Although N.Y. C.P.L. § 100.40(4) (b) pertains to misdemeanor complaints and not the summonses at issue in this litigation, the Court of Appeal's interpretation of this statute is relevant because the language of N.Y. C.P.L. § 100.40(4)(b) and N.Y. C.P.L. § 100.40(1)(b) is nearly verbatim. Accordingly, the Court of Appeals' holding in Dreyden that the reasonable cause provision of N.Y. C.P.L. § 100.40(4) (b) requires a prima facie case is equally applicable to the reasonable cause provision of N.Y. C.P.L. § 100.40(1)(b).
A basic premise of statutory interpretation "disfavor[s] interpretations of statutes that render language superfluous." Conn. Nat'l Bank v. Germain, 503 U.S. 249, 253, 112 S.Ct. 1146, 117 L.Ed.2d 391 (1992); see also Conn. ex rel. Blumenthal v. U.S. Dep't of Interior, 228 F.3d 82, 88 (2d Cir. 2000). However, interpreting N.Y. C.P.L. § 100.40(1)(b)'s reasonable cause requirement to require that the information include facts sufficient to allege the elements of the offense charged does not render N.Y. C.P.L. § 100.40(1)(b) duplicative of N.Y. C.P.L. § 100.40(1)(c). N.Y. C.P.L. § 100.40(1) (c) mandates that "[n]on-hearsay allegations of the factual part of the information and/or of any supporting depositions establish, if true, every element of the offense charged and the defendant's commission thereof." N.Y. C.P.L. § 100.40(1)(c). As such, the focus of this provision of the Criminal Procedure Law is not that the information provide a prima facie case; instead, the focus is that an information provide non-hearsay allegations to support each element of the offense. The New York Court of Appeals, in the case of People v. Alejandro, confirms this interpretation of the statute:
The reason for requiring the additional showing of a prima facie case for an information lies in the unique function that an information serves under the statutory scheme established by the Criminal Procedure Law. An information is often the instrument upon which the defendant is prosecuted for a misdemeanor or a petty offense. Unlike a felony complaint, it is not followed by a preliminary hearing and a Grand Jury proceeding. Thus, the People need not, at any time prior to trial, present actual evidence demonstrating a prima facie case, as with an indictment following a felony complaint.People v. Alejandro, 70 N.Y.2d 133, 138, 517 N.Y.S.2d 927, 511 N.E. 2d 71 (1987) (citations omitted). Thus, the Court of Appeals confirms that purpose of N.Y. C.P.L. § 100.40(1)(c) is to ensure that an information provide non-hearsay allegations detailing the offense charged.
Because an information must, for jurisdictional purposes, contain nonhearsay factual allegations sufficient to establish a prima facie case, a prosecutor's hearsay statements, set forth in a bill of particulars, cannot supply necessary factual allegations to cure a deficient information. By contrast, an indictment, which presupposes that the Grand Jury, before issuance of the indictment, has found that a prima facie case exists may, as a pleading, be corrected by a bill of particulars. . . .

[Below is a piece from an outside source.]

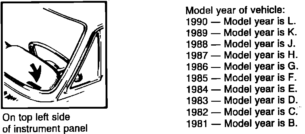 1 - MODEL YEAR IDENTIFICATION: Refer to illustrations of the Vehicle Identification Number (V.I.N.). The year is indicated by a code letter.

That it was this distinguishing characteristic of an information - its use as the sole instrument upon which the defendant could be prosecuted - which prompted the Legislature to write in the special restrictions applicable to informations found in C.P.L. § 100.40(1) (c) and 100.15 (3) is confirmed by the legislative history leading to the enactment of these sections as part of the Criminal Procedure Law.
Defendants' support their contention that N.Y. C.P.L. § 100.40(1) (c) imposes a prima facie case requirement independent of § 100.40(1)(b)'s reasonable cause requirement with citations to People v. Jones, 9 N.Y.3d 259, 848 N.Y.S.2d 600, 878 N.E.2d 1016 (2007), and People v. Alejandro, 70 N.Y.2d 133. According to Defendants, in both cases, the accusatory instruments at issue satisfied the reasonable cause requirement of N.Y. C.P.L. § 100.40(1)(b) but were ultimately dismissed for failing to establish the prima facie requirement of N.Y. C.P.L. § 100.40(1)(c), thereby suggesting that a finding of a lack of a prima facie case is separate and apart from a determination of reasonable cause.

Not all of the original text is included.